The pursuer averred that the narrow seas of that part of Her Majesty's dominions known as the kingdom of Scotland, and the solum or bed thereof below low watermark, belonged to Her Majesty jure coronoe; subject to the public rights of navigation and fishing, and that the salt water loch or arm of the Firth of Clyde known as Loch Long was part of the narrow seas; the defenders, by virtue of the powers conferred upon them by the 76th section of their Consolidation Act 1858, were entitled to lay their dredgings upon “the most convenient banks” of the river, but that for many years they had desisted from this practice, and they had been in the habit of bringing the whole of their dredgings to Loch Long, and depositing them there; the dredgings were composed of earth, gravel, stones, mud, soil, and other material, largely mixed with the sewage which is poured into the river Clyde from Glasgow and various towns and villages upon its banks and those of its tributary streams; the volume of the dredgings now amounted to several hundred thousand tons per annum, and was yearly being increased.

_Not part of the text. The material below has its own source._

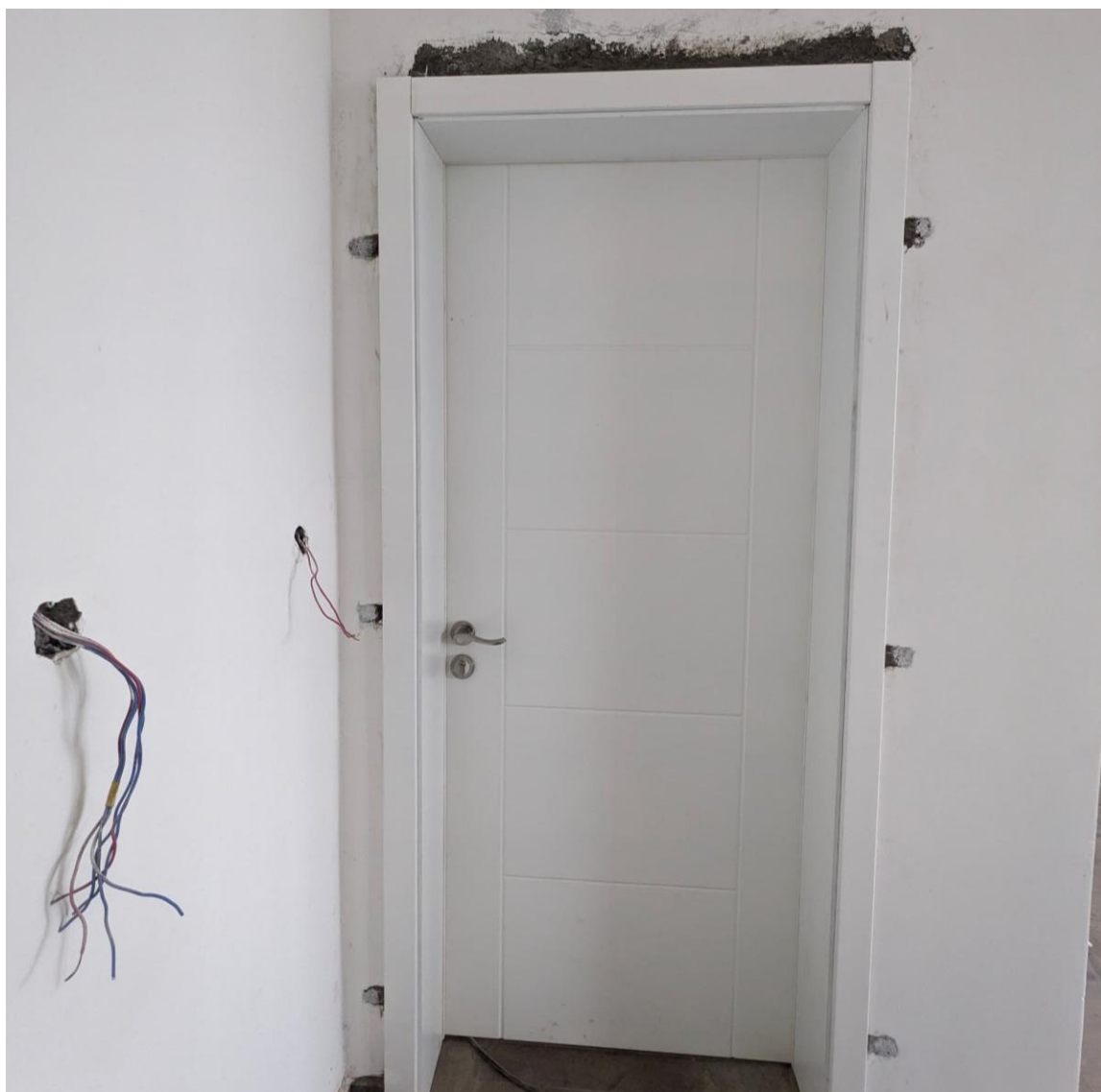
Phase 2 works showing: Internal door installation in one of the units

The defenders, while admitting the substantial accuracy of the pursuer's averments, explained that the mode of disposal of the dredgings in Loch Long which had been openly carried on since 1862, had proved satisfactory in every way, that the discharges from the dredging barges were absolutely innocuous, that their operations had in no way affected the depth of the loch, and that the public rights of navigation were not thereby injured. They stated that the action had not been raised in vindication of any public right or interest, but at the instigation of certain persons residing on the banks of Loch Long, who had undertaken to indemnify the Crown against all expenses. They further added by way of amendment the averment that they had not deposited any material on the solum of Loch Long, as the dredgings discharged from the barges did not in fact reach the bottom of the loch.
The pursuer admitted that the proceedings had been instituted under a guarantee as to expenses given by inhabitants on the shores of Loch Long and Loch Goil, and others interested in property there.
It was pleaded for the pursuer—“(1) The narrow seas surrounding the kingdom of Scotland, and the bed and solum thereof, belonging to and being invested in the Crown, subject to the public rights of navigation and fishing, and Loch Long as defined in the summons being part of said narrow seas, the pursuer is entitled to decree as concluded for. (2) The defenders having no right, either by statute or at common law, to deposit their dredgings in the narrow seas, and particularly Loch Long, or on the bed or solum thereof, their doing so without permission is illegal, and the pursuer is entitled to interdict as concluded for.”
It was pleaded for the defenders—“(1) No title to sue. (3) The action is barred by mora and acquiescence. (4). In respect that the defenders' operations do not in any way interfere with the rights of the Crown, the defenders are entitled to absolvitor.”
Upon 13th June 1891 the Lord Ordinary ( Kyllachy) found and declared that the defenders were not entitled to deposit the dredgings from the river Clyde in Loch Long, reserved the question of interdict, continued the cause, and granted leave to reclaim.
“ Opinion.—The question in this case is, whether the Commissioners of Woods and Forests, as representing the Crown, are entitled to prevent the Trustees of the Clyde Navigation from depositing in Loch Long the dredgings of the river Clyde, which dredgings consist of earth, gravel, stone, mud, and other materials, and are admitted now to amount to several hundred thousand tons per annum.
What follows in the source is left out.